Seit diesem Tag vor acht Jahren hatte ich ständig an den Tod denken müssen. Ob ich nicht besser dran wäre, wenn ich starb. Wenn ich nie wieder kommen würde. Weg wäre auf Ewig...
Tränen bildeten sich in meinen Augen, liefen über, überfluteten mein Gesicht, tropften in das weite, tobende Meer unter mir. Verschleierten mir die Sicht...
Ich schaute in die Ferne.
Die Aussicht von der Golden Gate war märchenhaft, dass hätte ich so nie vermutet.
Die goldenrötliche Sonne sank nieder, immer tiefer, mit jedenm Wimpernschlag. Sie berührte fast das Wasser, so schien es, als wolle sie darin untergehen.

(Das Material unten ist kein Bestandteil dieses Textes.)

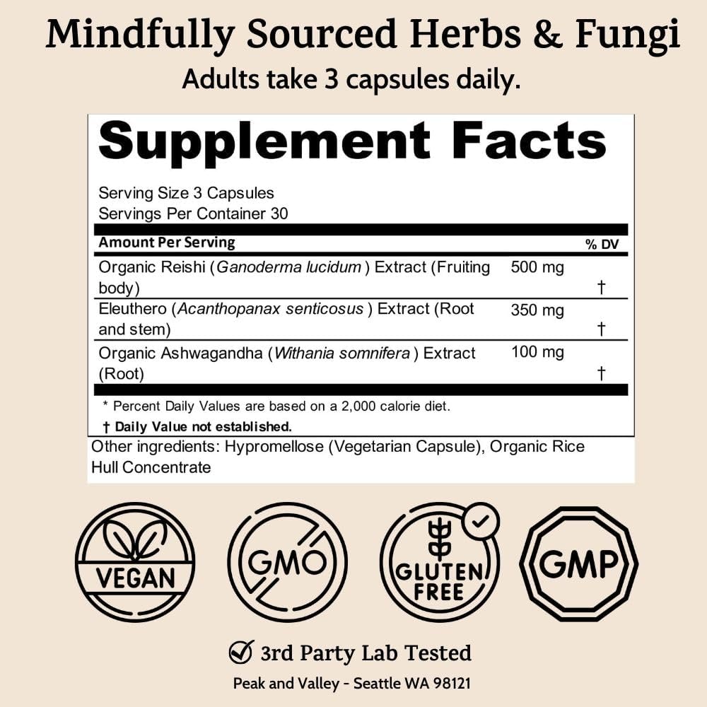 Tested and Certified: This adaptogens supplement is manufactured in a GMP, ISO22000, HACCP, and Organic certified facility. Like all Peak and Valley products, the stress supplements for women are 3rd party lab tested for identity, purity, and labeled potency.

Untergehen in dem ewigen, weiten Meer...
Auch die Sonne würde sterben. Ertrinken. Und am nächsten Morgen wiedergeboren werden.
Die Sonne, unsterblich und der hellste Stern, den die Menschheit kannte.
Ich war kein unsterblicher, heller Stern. Ich war Nichts...
Trauer schnürte mir die Kehle zu, unendlich starke Trauer. Schluchzer kamen mir über die zitternden Lippen, immer wieder.
Der wunderschöne, atemberaubende Sonnenuntergang machte mich verzweifelt, bereitete mir Kummer, stimmte mich noch trauriger...
Strähnen wurden mir vom Winde ins feuchte Gesicht geweht, meine Haare züngelten und tanzten um mein Gesicht wie Feuer.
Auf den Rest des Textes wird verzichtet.